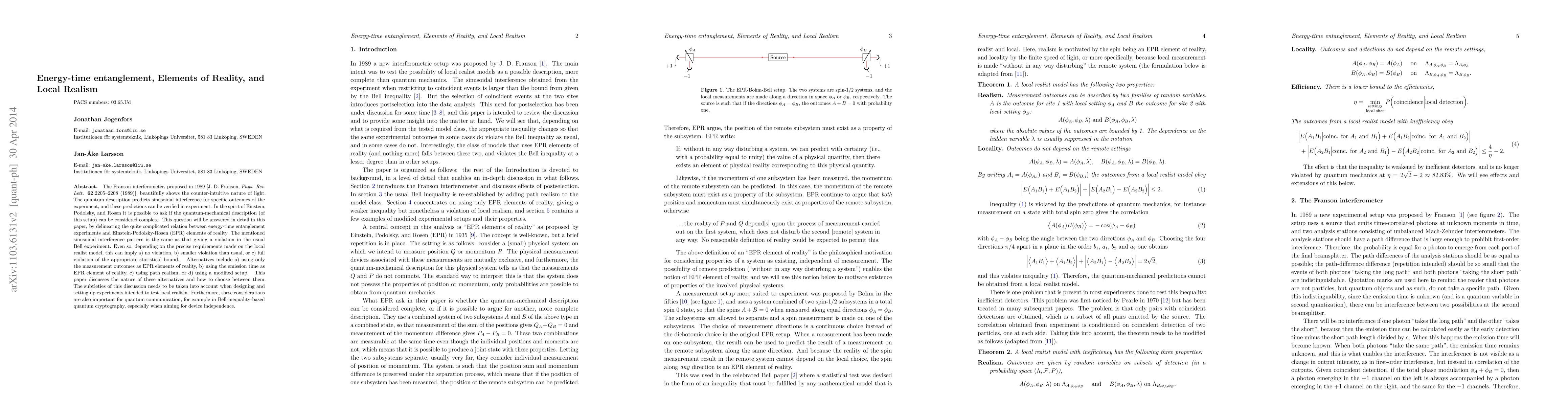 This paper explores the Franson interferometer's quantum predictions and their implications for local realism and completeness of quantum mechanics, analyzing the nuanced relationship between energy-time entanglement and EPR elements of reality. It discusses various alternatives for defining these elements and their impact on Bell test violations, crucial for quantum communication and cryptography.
***
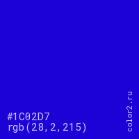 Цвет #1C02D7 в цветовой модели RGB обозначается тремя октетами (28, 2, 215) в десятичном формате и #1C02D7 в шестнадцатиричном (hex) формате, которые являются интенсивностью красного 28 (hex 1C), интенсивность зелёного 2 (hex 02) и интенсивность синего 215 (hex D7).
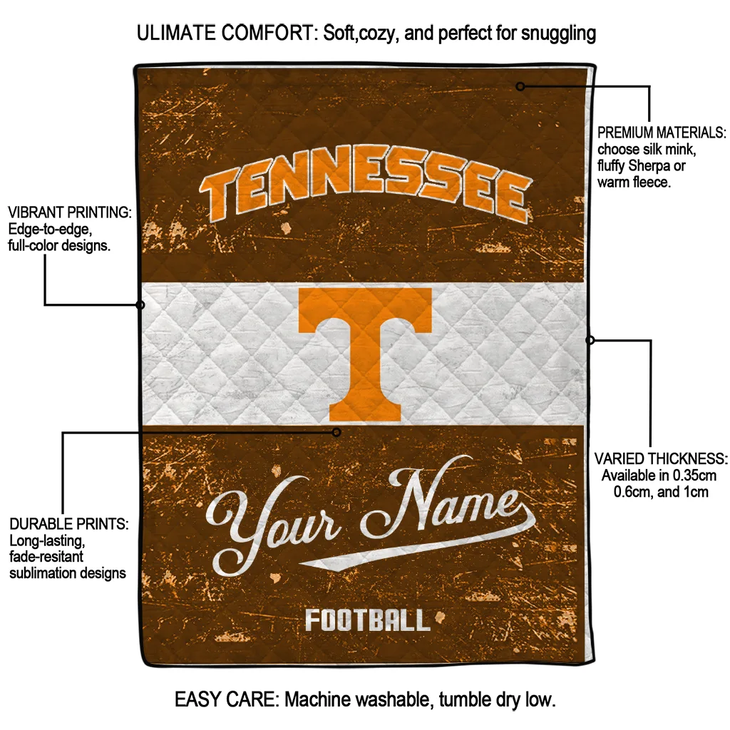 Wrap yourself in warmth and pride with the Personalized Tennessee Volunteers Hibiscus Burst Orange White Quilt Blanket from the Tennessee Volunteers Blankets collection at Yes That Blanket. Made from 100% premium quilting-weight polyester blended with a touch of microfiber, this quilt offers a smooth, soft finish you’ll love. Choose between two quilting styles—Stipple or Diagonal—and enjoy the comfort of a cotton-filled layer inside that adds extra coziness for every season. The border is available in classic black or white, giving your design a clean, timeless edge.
***
What is needed is an exact copy of only the lines above from the one with "Цвет #1C02D7 в" to the one with "Wrap yourself in", both kept, with every picture left out.

### Answer for the task
 Цвет #1C02D7 в цветовой модели RGB обозначается тремя октетами (28, 2, 215) в десятичном формате и #1C02D7 в шестнадцатиричном (hex) формате, которые являются интенсивностью красного 28 (hex 1C), интенсивность зелёного 2 (hex 02) и интенсивность синего 215 (hex D7).
 Wrap yourself in warmth and pride with the Personalized Tennessee Volunteers Hibiscus Burst Orange White Quilt Blanket from the Tennessee Volunteers Blankets collection at Yes That Blanket. Made from 100% premium quilting-weight polyester blended with a touch of microfiber, this quilt offers a smooth, soft finish you’ll love. Choose between two quilting styles—Stipple or Diagonal—and enjoy the comfort of a cotton-filled layer inside that adds extra coziness for every season. The border is available in classic black or white, giving your design a clean, timeless edge.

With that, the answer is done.